March 16th marks the one-year anniversary of the death of my dad, Karl Love. The probate process is almost complete. The less said about that terrible experience the better. I took the high road and never wallowed in the gutter like others. Money exposed people for who they really are.

It took considerable effort but I finally transferred my dad’s Oklahoma gas/oil mineral rights to me. So, I will now receive a monthly royally payment that originated from my grandmother’s side of the family, a grandmother I never met, who died when Dad was four, from dust pneumonia in the Dust Bowl. Her lungs literally drowned in dust. A few years later, Dad and his two brothers made their way to Oregon with their step mother. Later, they returned to his Southern roots. And then he made it back to Oregon again.

My dad’s died when he was eight. The old man really did live a Grapes of Wrath story but to Oregon, not California. He saw Hoovervilles and lived out of a car and an abandoned rail car as a kid.

In my will, upon my death, my estate will transfer the mineral rights to an Oregon-based animal welfare organization. Yes, it’s money from oil, oil killing the planet, but at least it will go to a good cause and keep on giving. As Dad always told me about raising money from evil forces to do good: The Devil’s had it long enough.”

There are so many rich stories to recount about Dad’s life. Most of these he shared with me the last four years of his live when I was caring for him in Portland. Smuggling a 32. pistol into Brazil to sell and raise funds for our Church of Christ missionary service.

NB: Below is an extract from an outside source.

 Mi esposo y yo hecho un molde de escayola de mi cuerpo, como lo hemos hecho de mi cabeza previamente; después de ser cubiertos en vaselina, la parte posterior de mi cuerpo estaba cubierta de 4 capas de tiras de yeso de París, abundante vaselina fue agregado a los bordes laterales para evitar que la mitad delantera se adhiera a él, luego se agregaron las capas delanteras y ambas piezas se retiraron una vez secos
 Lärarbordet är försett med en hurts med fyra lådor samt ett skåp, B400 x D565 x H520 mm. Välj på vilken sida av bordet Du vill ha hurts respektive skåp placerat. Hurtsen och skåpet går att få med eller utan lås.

Meeting Ted Williams. His Marine tour of duty during the Korean War where he saw heavy combat and once killed an enemy soldier at point blank range with a burst from a 30-caliber machine gun. Meeting Pele and Elizabeth Bishop at a party in Brazil. Attending segregated high schools in Arkansas. The high school spinster English teacher who had him memorize a hundred poems while she sipped sherry in the classroom from a flask. Playing offensive football in a single wing formation with no face guard on his helmet. Squirrel stew and possum pie for the football awards banquet. (Shot and cooked by the parents of the players!)

I could go on forever. I doubt I’ll do anything with the stories, although the gun running for Jesus one feels like an action novel!

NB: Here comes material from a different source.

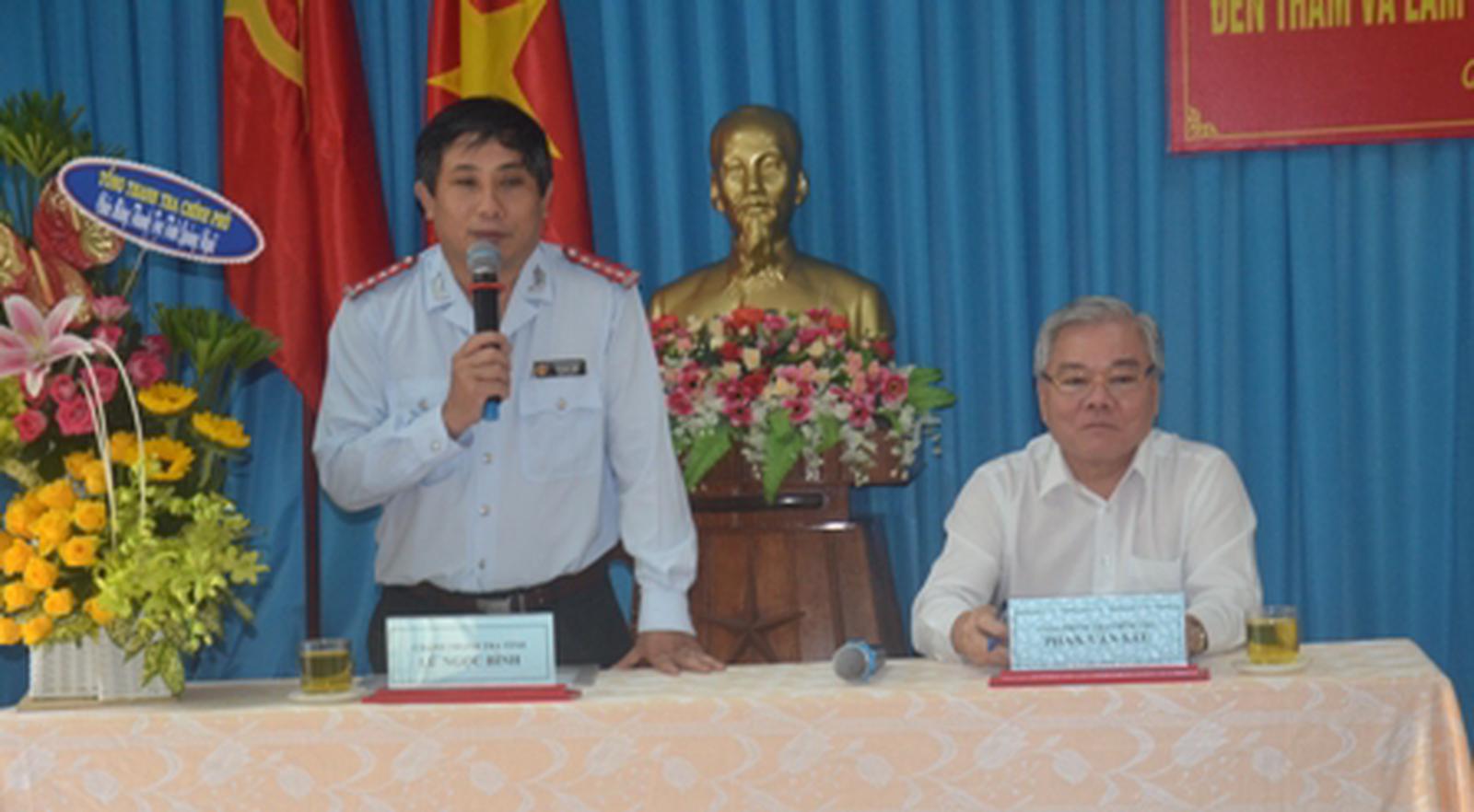 Báo cáo với Tổng Thanh tra, Chánh Thanh tra tỉnh Lữ Ngọc Bình cho biết, đến nay Thanh tra tỉnh đã hoàn thành xuất sắc kế hoạch cả năm đã được phê duyệt, hiện chỉ còn 1 cuộc thanh tra chuẩn bị kết thúc trong vài ngày tới. Trong năm, Thanh tra tỉnh còn tiến hành 5 cuộc thanh tra đột xuất do lãnh đạo tỉnh giao. Công tác thu hồi tài sản sai phạm qua thanh tra đạt tỷ lệ 90%, là năm đạt cao nhất từ trước đến nay.

Yes, we had our brutal times together, not violent, just the results from his wayward ways. But we got through them.

Rest in peace Dad. It was an honor to see you through your last years and dispose of the estate with integrity and alacrity.

Alacrity was my dad’s favorite word. It’s the perfect noun on how to conduct one’s life.

I never heard Dad ever utter a cliché. He was a coiner of phrases, many of them related to his long teaching career. One of the more memorable ones: don’t prop up mush.